DATASET EXTRACT START

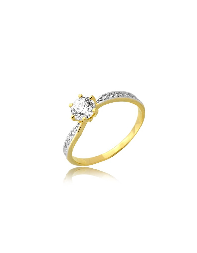 Niezwykły złoty pierścionek o nieprzeciętnym wzorze z duża cyrkonią w koronie i mniejszymi po bokach.
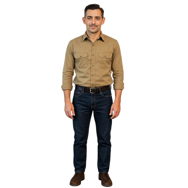 The Gasoline Alley Workshirt – a sandy twill utility button-down with twin flap pockets and a collar that’s seen sun, grease, and long American highways.
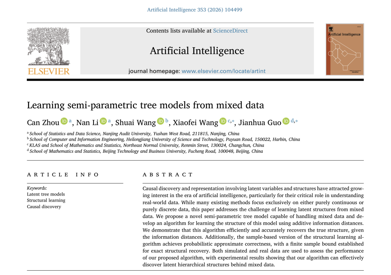 近日,南京審計(jì)大學(xué)統(tǒng)計(jì)與數(shù)據(jù)科學(xué)學(xué)院講師周燦、李南,聯(lián)合黑龍江科技大學(xué)講師王帥、東北師范大學(xué)教授王曉...

DATASET EXTRACT END

YOUR INSTRUCTIONS
An exact copy of all the data above is required; omit any pictures.

COMPLETED EXERCISE
 Niezwykły złoty pierścionek o nieprzeciętnym wzorze z duża cyrkonią w koronie i mniejszymi po bokach.
 The Gasoline Alley Workshirt – a sandy twill utility button-down with twin flap pockets and a collar that’s seen sun, grease, and long American highways.
 近日,南京審計(jì)大學(xué)統(tǒng)計(jì)與數(shù)據(jù)科學(xué)學(xué)院講師周燦、李南,聯(lián)合黑龍江科技大學(xué)講師王帥、東北師范大學(xué)教授王曉...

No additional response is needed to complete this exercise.